Alberto y Carolina, llevaban un año de casados, viviendo en un país diferente de donde


habían nacido. Tenían planes de conocer y disfrutar de aquella oportunidad que les daba
la vida en esos momentos.

Para principios de diciembre lograron sacar dos semanas de vacaciones en sus trabajos.
Ambos eran diferentes en muchas cosas, pero sí estaban claros que recorrer muchas
ciudades era una de sus prioridades.

Carolina, una chica tímida, introvertida y un poco chapada a la antigua en situaciones


irreverentes, un tiempo atrás sacrificó un viaje a través de Europa con Alberto para poder
mudarse de país y sentar las bases para un futuro mejor.

Cuando llegaron esas dos semanas libres, decidió no aplazar más el viaje e irse con su
esposo a conocer sitios, disfrutar y estar alejada de la rutina diaria.

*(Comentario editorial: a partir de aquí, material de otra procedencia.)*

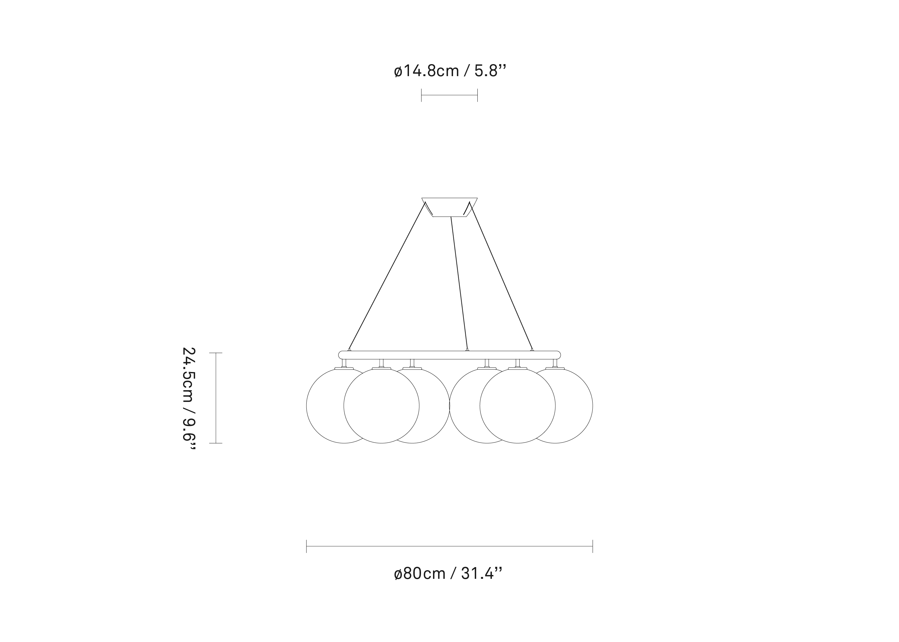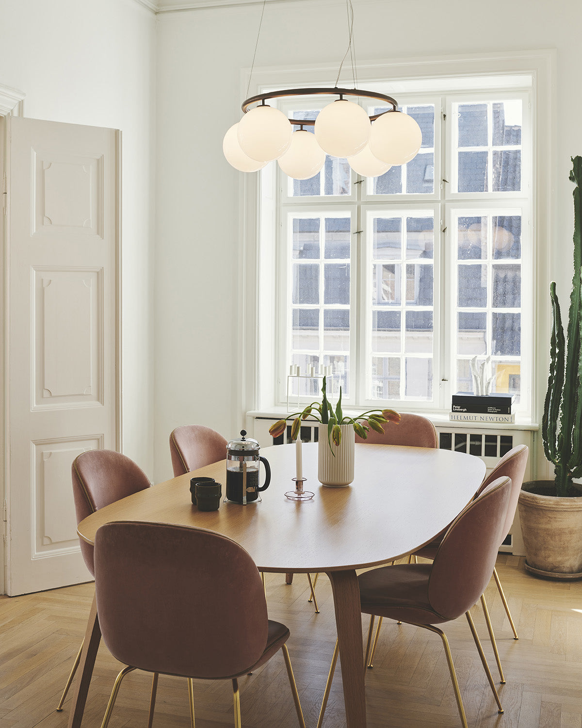 Miira 6 Circular is a modern chandelier designed with a round metal ring in dark bronze-colored metal. Six hand-blown opal white glass globes hang from the metal structure, creating a refined and elegant look. With a specialized wire system between the ceiling plate and the metal ring, Miira 6 Circular can be adjusted to the ideal height.
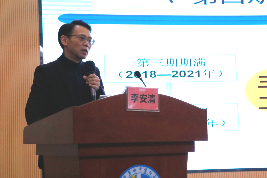 禅城区教育发展中心主任李安清以《名师引领促成长,奋楫扬帆又起航》作专题报告,对第四期教育人才培养梯队建设背景、梯队概况、梯队建设特点以及梯队建设工作建议作了具体阐释。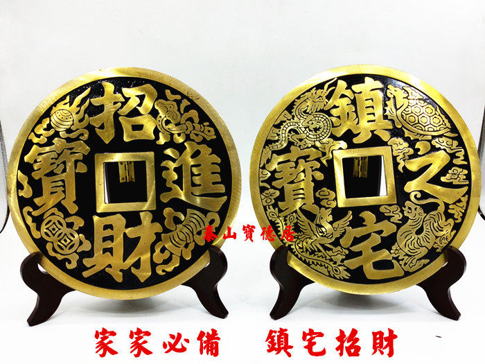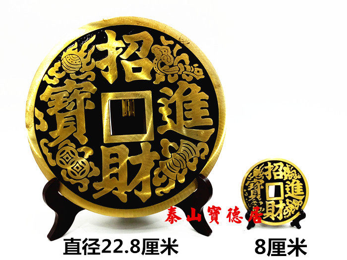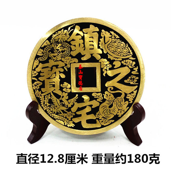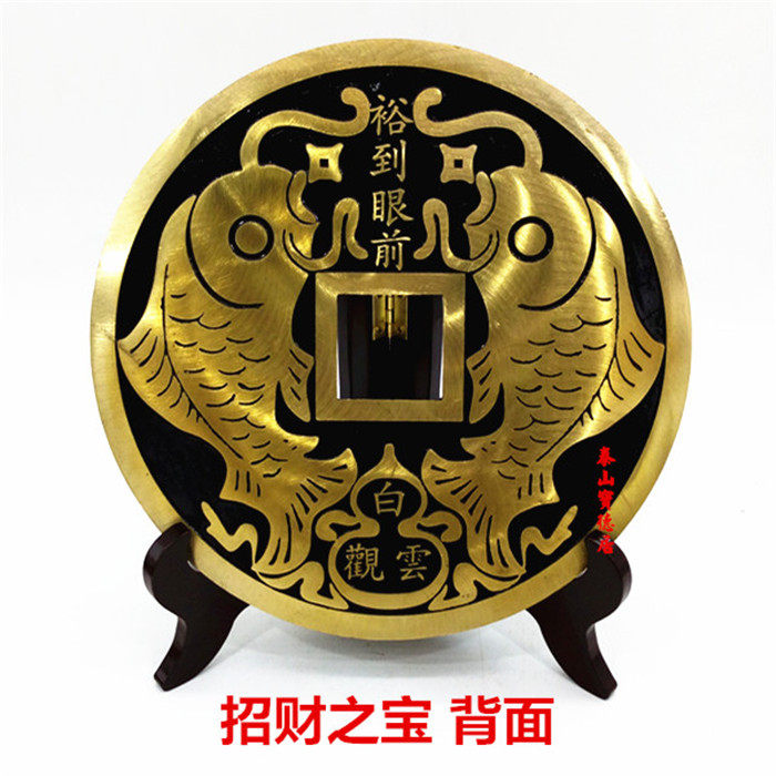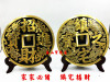 黄铜招财进宝大铜钱镇宅之宝摆件双剑双鱼黑色带支架底座客厅礼品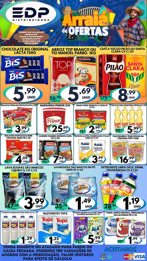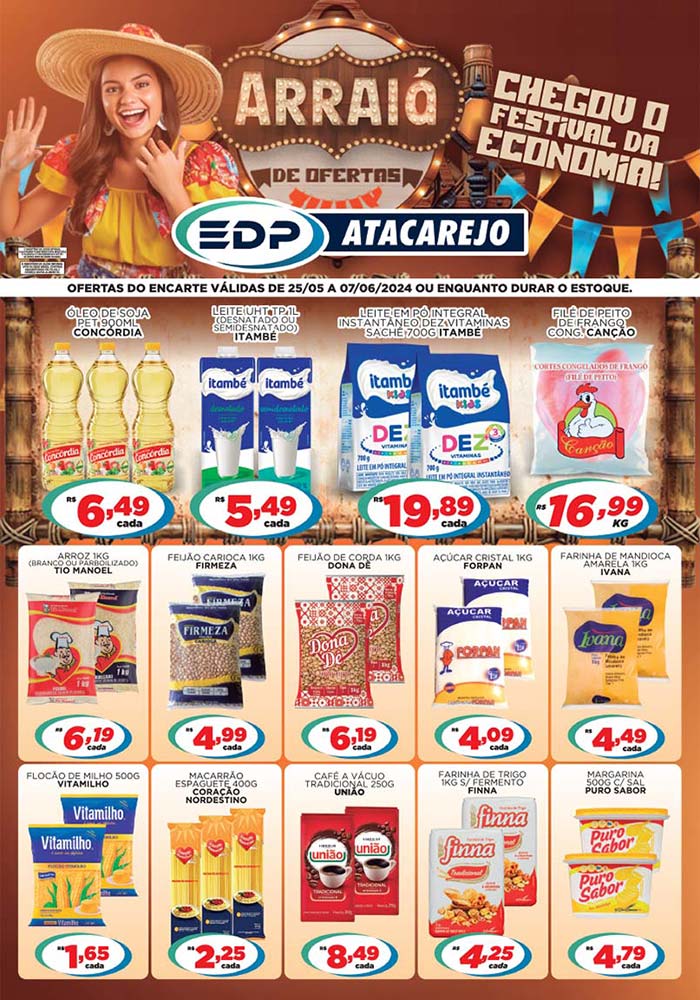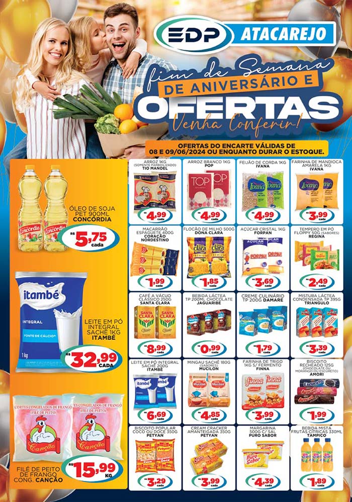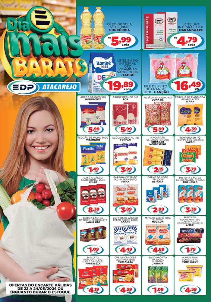 Leite em pó Itambé Leite UHT Betânia Creme de leite (marcas) Leite condensado (marcas) Biscoito popular Fortaleza Macarrão instantâneo (Nissin) Carne fiambre (Bordon, Oderich) Enlatado (milho, ervilha e dueto) Margarina Puro Sabor Água mineral Iluminagua Refrigerante Indaiá 2L

Por su parte, Alberto era un chico común y corriente, a veces se consideraba un


espécimen de aquella llamada Generación X, de la que tanto se habló a principios de
los 90, pero sin embargo ya estaba establecido junto a su chica, trabajando y de alguna
manera u otra, combinando responsabilidades con su irreverencia y rebeldía de finales del
siglo XX.

Su casa, la que dejaban atrás por unos días, era pequeña pero acogedora, dos pisos
unidos por una escalera de caracol, una amplia cocina, una sala de estar con la chimenea
que la mayoría de las veces estaba encendida, tres habitaciones y un garaje que también
servía de maletero.

Por fuera se veía un pequeño jardín donde vivía el perro de Alberto, un rottweiler negro
que parecía sacado de la película “La Profecía” y que intimidaba un poco a Carolina,
quien tenía un pequeño cachorro Griffon de Bruselas, del que se enamoró al verlo,
también, en un largometraje pero de Jack Nicholson junto a Helen Hunt.

Alberto ya estaba cansado de trabajar y desde unos días atrás quería vacaciones para
salir con Carolina. Su hogar ya les quedaba grande y por ello, como un niño pequeño, él
insistía en el viaje.

Así que el día en que los dos se enteraron de que tendrían tiempo libre, comenzaron
a hurgar en el closet. Carolina, como toda mujer que era, no sabía que escoger y por
ende tiró todo sobre la cama. Poco a poco iba analizando la montaña de ropa, y como un
científico que tomaba muestras, iba sacando prenda por prenda.

Tomó cuatro pantys, con encajes como le gustaban a Alberto, algunas franelitas
cómodas, dos faldas que dejaban ver sus achocolatadas piernas, pantalones
y demás accesorios. Luego pasó al baño, para otra etapa difícil, el maquillaje.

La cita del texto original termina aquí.